From: Hans Buschmann <buschmann(at)nidsa(dot)net>
To: "pgsql-hackers(at)lists(dot)postgresql(dot)org" <pgsql-hackers(at)lists(dot)postgresql(dot)org>
Subject: Missing constant propagation in planner on hash quals causes join slowdown
Date: 2019-10-18 15:40:34
Message-ID: 1571413123735.26467@nidsa.net
Views: Raw Message | Whole Thread | Download mbox | Resend email
Thread:
Lists: pgsql-hackers

Hi Hackers,

By optimising our application I stumbled over the join quals used very often in our application.
In general this concerns datasets, which are subdivided into chunks, like years, seasons (here half a year), multiple tenants in OLTP system etc.
In these cases many tables are joined only to data of the same chunk, identified always by a separating column in the table (here: xx_season).

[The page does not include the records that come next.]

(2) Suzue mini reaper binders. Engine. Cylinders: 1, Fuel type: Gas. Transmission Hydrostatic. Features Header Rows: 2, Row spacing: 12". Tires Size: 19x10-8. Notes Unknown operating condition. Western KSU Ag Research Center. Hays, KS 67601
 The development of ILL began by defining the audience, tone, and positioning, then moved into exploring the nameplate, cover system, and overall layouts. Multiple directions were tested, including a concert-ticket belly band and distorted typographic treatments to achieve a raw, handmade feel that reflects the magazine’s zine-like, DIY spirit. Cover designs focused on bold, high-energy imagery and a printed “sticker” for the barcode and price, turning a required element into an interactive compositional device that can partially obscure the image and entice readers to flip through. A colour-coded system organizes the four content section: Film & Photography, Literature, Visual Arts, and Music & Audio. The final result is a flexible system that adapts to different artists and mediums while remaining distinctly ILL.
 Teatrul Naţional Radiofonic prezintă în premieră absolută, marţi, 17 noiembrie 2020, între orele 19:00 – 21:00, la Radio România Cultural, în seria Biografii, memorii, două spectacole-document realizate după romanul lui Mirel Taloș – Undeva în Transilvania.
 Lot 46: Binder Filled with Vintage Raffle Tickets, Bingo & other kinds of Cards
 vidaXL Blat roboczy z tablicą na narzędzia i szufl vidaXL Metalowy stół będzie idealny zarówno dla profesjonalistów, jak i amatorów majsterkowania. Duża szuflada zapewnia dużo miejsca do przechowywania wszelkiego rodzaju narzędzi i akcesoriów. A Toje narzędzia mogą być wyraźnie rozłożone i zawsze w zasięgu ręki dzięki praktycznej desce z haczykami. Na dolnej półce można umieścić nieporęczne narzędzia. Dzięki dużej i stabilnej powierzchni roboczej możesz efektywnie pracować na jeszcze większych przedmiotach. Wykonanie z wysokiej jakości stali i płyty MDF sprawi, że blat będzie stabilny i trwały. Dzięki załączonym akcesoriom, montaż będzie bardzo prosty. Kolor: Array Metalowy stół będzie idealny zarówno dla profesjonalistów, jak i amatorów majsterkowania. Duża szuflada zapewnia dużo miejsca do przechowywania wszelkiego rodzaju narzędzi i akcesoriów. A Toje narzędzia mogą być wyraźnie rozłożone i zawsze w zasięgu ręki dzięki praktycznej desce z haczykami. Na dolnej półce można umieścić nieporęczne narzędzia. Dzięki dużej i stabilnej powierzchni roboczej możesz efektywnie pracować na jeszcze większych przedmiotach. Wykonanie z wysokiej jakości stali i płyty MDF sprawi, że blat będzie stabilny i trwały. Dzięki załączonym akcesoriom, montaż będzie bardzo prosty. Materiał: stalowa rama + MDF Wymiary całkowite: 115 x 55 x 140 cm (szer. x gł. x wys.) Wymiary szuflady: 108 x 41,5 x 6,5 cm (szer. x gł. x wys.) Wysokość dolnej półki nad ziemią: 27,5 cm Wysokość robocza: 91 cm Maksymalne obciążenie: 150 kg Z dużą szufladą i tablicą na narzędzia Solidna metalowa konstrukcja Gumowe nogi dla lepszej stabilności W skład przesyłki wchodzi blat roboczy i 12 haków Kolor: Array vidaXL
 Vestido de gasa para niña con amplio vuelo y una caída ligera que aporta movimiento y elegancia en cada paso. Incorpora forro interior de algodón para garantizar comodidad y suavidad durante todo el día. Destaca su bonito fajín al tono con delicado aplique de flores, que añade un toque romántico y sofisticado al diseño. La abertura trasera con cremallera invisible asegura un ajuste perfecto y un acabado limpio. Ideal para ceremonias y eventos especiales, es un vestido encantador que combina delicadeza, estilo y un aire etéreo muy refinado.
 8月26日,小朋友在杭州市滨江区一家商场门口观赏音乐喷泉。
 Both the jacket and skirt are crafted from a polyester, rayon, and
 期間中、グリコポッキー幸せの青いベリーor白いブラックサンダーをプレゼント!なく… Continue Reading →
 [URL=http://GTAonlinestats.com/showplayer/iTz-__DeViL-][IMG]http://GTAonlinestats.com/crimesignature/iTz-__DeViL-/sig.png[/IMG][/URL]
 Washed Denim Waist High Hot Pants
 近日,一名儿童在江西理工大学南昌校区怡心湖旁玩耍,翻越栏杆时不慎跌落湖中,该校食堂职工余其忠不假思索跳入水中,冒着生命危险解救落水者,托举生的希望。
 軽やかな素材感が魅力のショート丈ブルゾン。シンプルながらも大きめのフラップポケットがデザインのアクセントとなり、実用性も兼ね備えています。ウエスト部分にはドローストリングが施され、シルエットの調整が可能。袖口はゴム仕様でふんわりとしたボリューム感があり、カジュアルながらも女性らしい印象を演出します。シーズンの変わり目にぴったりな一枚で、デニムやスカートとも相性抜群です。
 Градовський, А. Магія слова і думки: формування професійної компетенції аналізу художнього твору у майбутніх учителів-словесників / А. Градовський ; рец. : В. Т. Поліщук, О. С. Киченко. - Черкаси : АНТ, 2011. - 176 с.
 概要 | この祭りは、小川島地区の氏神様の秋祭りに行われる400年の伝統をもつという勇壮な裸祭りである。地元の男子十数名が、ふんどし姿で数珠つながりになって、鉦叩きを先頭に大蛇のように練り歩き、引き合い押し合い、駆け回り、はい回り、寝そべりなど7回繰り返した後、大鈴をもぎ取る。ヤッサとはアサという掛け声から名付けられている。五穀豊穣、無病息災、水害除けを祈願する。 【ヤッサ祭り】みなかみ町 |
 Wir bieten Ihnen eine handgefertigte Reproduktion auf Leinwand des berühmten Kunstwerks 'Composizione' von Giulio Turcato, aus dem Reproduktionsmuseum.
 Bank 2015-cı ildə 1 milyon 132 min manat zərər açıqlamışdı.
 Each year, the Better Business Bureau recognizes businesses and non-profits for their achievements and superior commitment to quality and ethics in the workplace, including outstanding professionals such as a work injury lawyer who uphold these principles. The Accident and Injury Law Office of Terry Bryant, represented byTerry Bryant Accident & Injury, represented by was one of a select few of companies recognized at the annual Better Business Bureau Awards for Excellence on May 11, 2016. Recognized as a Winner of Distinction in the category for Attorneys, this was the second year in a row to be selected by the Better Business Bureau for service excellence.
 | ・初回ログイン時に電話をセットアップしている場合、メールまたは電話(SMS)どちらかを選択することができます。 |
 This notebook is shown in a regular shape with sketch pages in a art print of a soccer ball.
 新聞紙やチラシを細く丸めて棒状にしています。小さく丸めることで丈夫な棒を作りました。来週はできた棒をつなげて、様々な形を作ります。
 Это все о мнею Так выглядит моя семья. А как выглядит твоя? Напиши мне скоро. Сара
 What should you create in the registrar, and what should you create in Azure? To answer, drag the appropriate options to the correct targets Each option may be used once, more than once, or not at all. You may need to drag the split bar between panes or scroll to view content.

(I tested it on PG 12.0 on Windows 64 bit, but similar results on older stable releases and other OS)

Here is the test case, also in the attached file:
(I choose to join 2 tables with 2 seasons (2 and 3) of about 1 million of records for every season. I put some randomness in the table creation to simulate the normal situation in OLTP systems)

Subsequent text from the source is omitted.